Usability Testing Leads to Stronger Designs and Better Products
By Prashant Iyer | Wednesday, January 17, 2018
Usability testing refers to the practice of evaluating a feature, product or service by testing it with representative users. From a user experience (UX) standpoint, this process helps designers understand whether the “product” — a software application’s user interface, for instance — is user-friendly.
During a test, participants will try to complete typical tasks while observers watch, listen and take notes. The goal is to identify any usability problems, collect qualitative and quantitative data and determine the participant's level of satisfaction with the product. Ultimately, this data is used to improve or refine specific features or the product (or service) as a whole.
Usability testing lets the design team identify problems early, when problems can be fixed with the least negative impact in terms of staff time, costs and schedule delays.

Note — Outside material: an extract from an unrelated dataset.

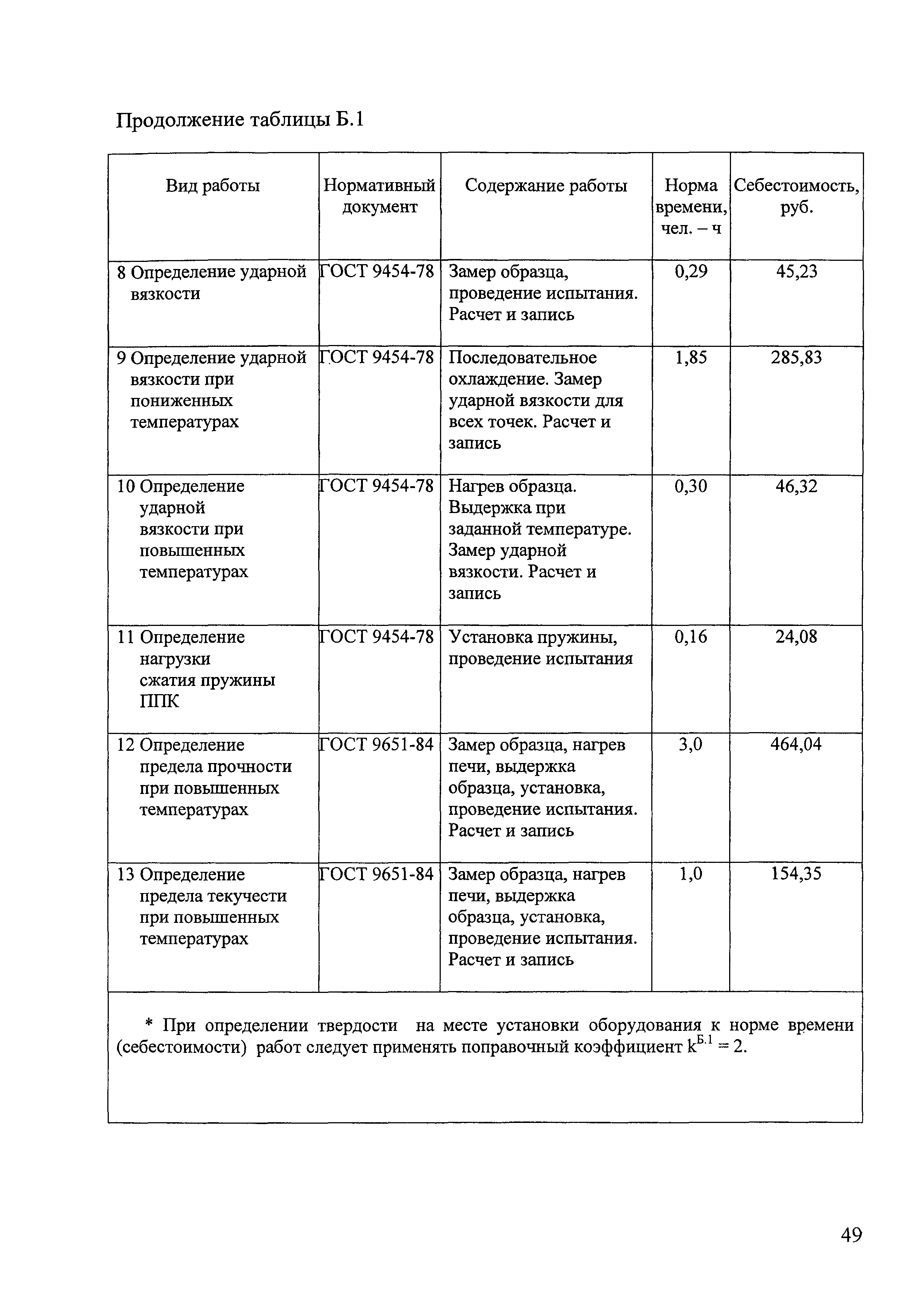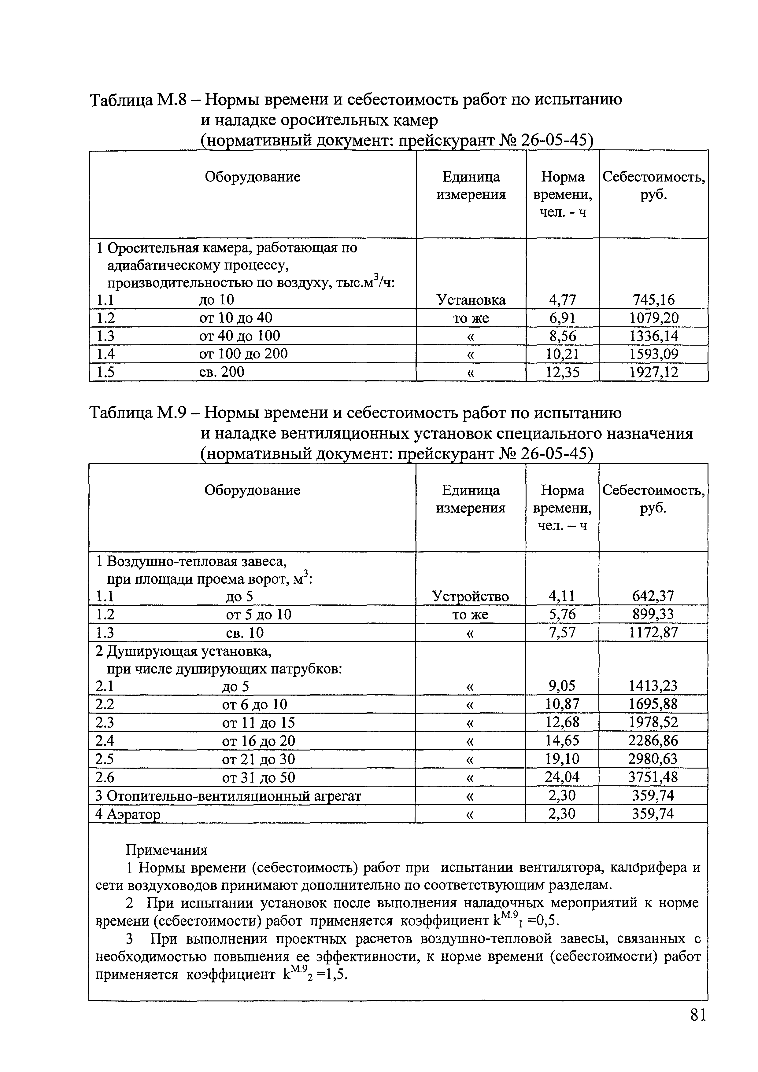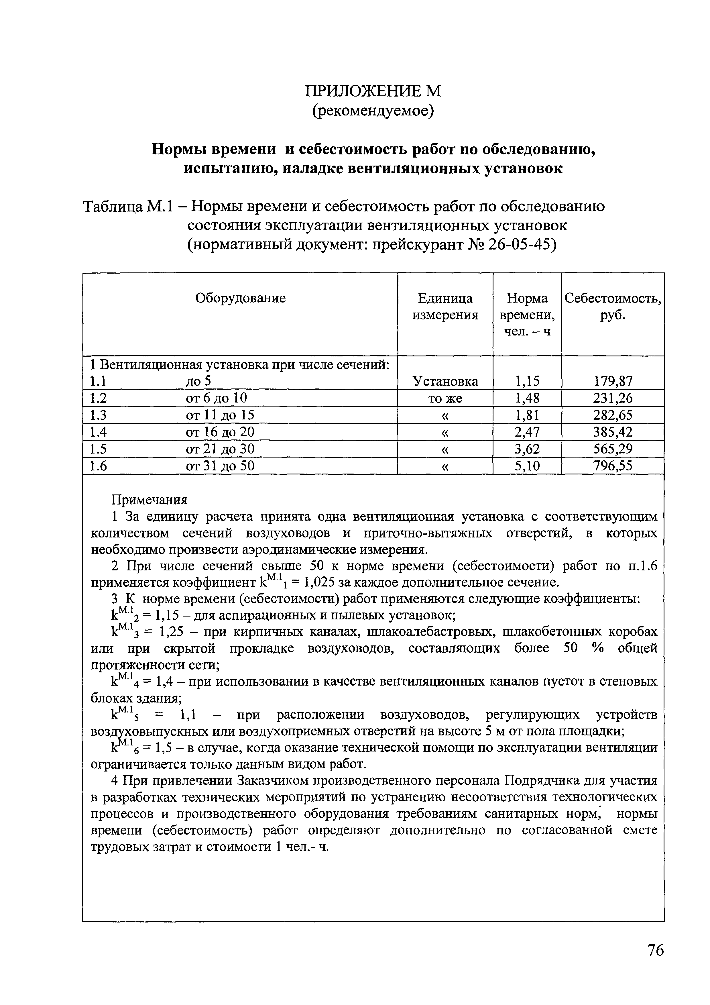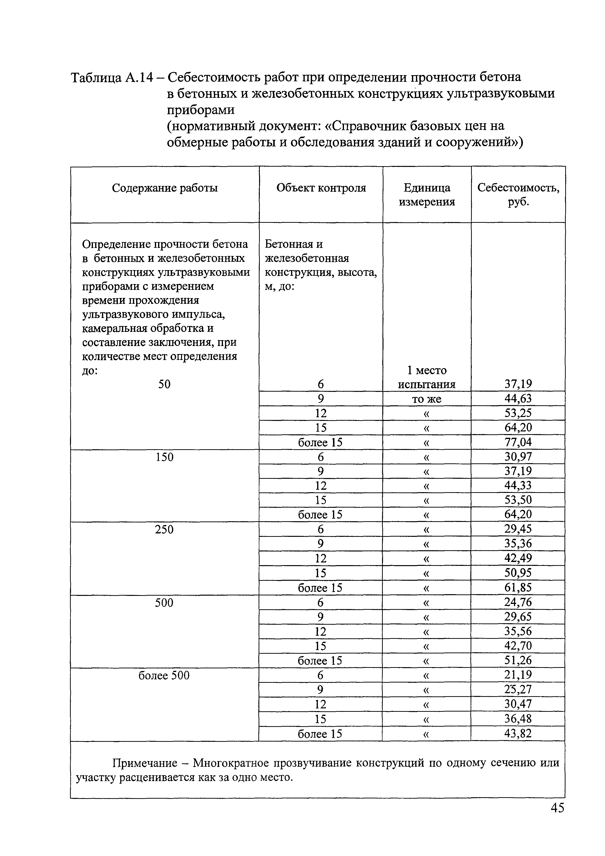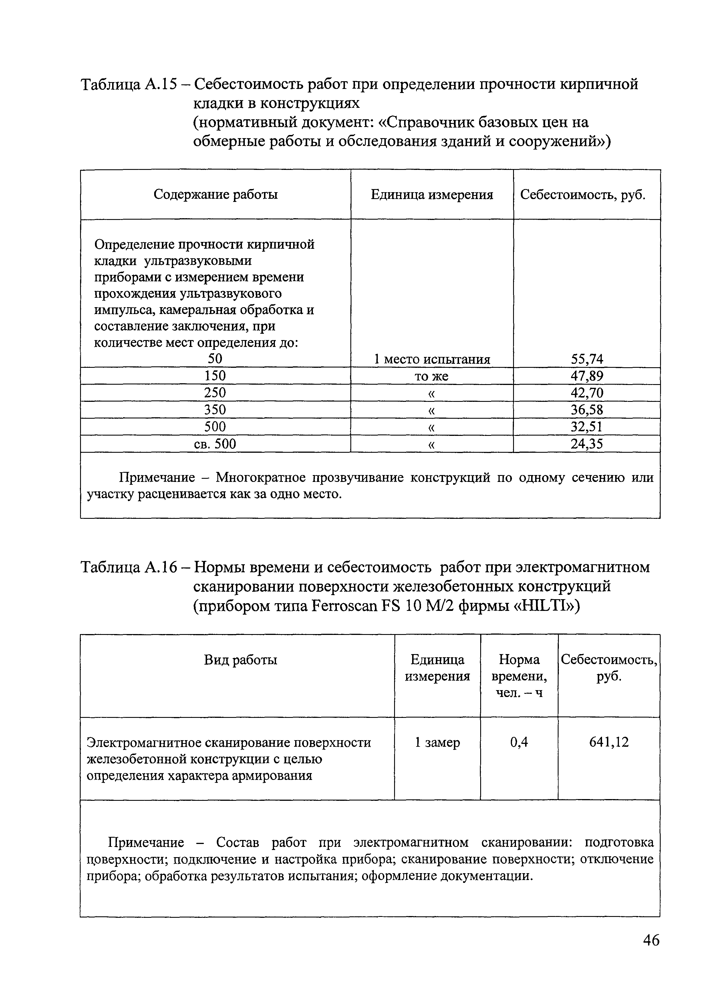 | Оглавление: | 1 Общие положения 2 Расчет норм времени на выполнение работ и организационно-технические условия при техническом диагностировании оборудования, сооружений и трубопроводов 3 Расчет стоимости работ при техническом диагностировании оборудования, сооружений и трубопроводов 4 Комплекс работ, перечень применяемого оборудования и нормы времени на выполнение работ при техническом диагностировании оборудования, сооружений и трубопроводов Нормативно-техническая документация, используемая при разработке ЕниР Приложение А. Нормы времени и себестоимость работ при техническом диагностировании оборудования, сооружений и трубопроводов. Неразрушающие методы контроля Приложение Б. Нормы времени и себестоимость работ при техническом диагностировании оборудования, сооружений и трубопроводов. Разрушающие методы контроля Приложение В. Нормы времени и себестоимость работ при техническом диагностировании оборудования, сооружений и трубопроводов. Камеральные работы Приложение Г. Нормы времени и себестоимость работ при техническом диагностировании оборудования, сооружений и трубопроводов. Экспертные работы Приложение Д. Нормы времени и себестоимость работ при техническом диагностировании оборудования, сооружений и трубопроводов. Специализированные проектные работы Нормы времени и себестоимость работ при техническом диагностировании оборудования, сооружений и трубопроводов. Испытательные работы Нормы времени и себестоимость Приложение Е. Нормы времени и себестоимость работ при техническом диагностировании оборудования, сооружений и трубопроводов. Испытательные работы Приложение Ж. Нормы времени и себестоимость работ при техническом диагностировании оборудования, сооружений и трубопроводов. Вспомогательные работы Приложение И. Нормы времени и себестоимость работ при техническом диагностировании оборудования, сооружений и трубопроводов. Вибродиагностика Приложение К. Нормы времени и себестоимость работ при техническом диагностировании оборудования, сооружений и трубопроводов. Изыскательские и исследовательские работы Приложение Л. Себестоимость работ при обследовании зданий и сооружений промышленного назначения Приложение М. Нормы времени и себестоимость работ по обследованию, испытанию, наладке вентиляционных установок Приложение Н. Нормы времени и себестоимость работ по обследованию, испытанию, наладке вентиляционных систем Приложение П. Себестоимость работ при входном контроле оборудования и материалов Приложение Р. Себестоимость работы аварийной бригады Приложение С. Себестоимость учебно-аттестационной работы |

There are multiple ways of testing the usability of a product. Its many forms include evaluating paper prototypes, formal lab testing, remote online tests, and in-home tests. Although there are slight differences between each of them, the steps for conducting a usability test are standard. Here’s a brief overview of the key steps:
1 Plan the test
The foremost thing is to identify what you want to test, for instance flows, interactions, content, colors, even whether people can access desired information. The next step is to develop a test plan with multiple tasks, and choose the metrics on which you want to ascertain the success of a task — say time-to-complete the task. You also might write down a few questions to ask the participants.
2 Recruit participants
The next thing is to determine who you’ll be testing. Will they be actual users? Representative user groups? Internal or external stakeholders? Certainly testing with end-users is optimal, but sometimes recruiting end-users is a challenge so the product is tested with subject matter experts (SMEs) instead. (Incentivising your participants with cash or a gift card can make the recruiting process a little easier.) As you recruit, keep in mind that when it comes to testing designs conducting several tests with small groups is preferable to testing once with a larger group.
3 Conduct the test
You should have at least two people administering the test, including a moderator and a notetaker. It’s the moderator’s job to lead usability sessions by following the test plan. It is up to the moderator to ensure participants are comfortable, that the sessions go smoothly, and that the participants provide the information necessary for the design team to make improvements in the product designs. A good moderator walks the line between being an actor who follows a script and an improv artist able to adapt on the fly.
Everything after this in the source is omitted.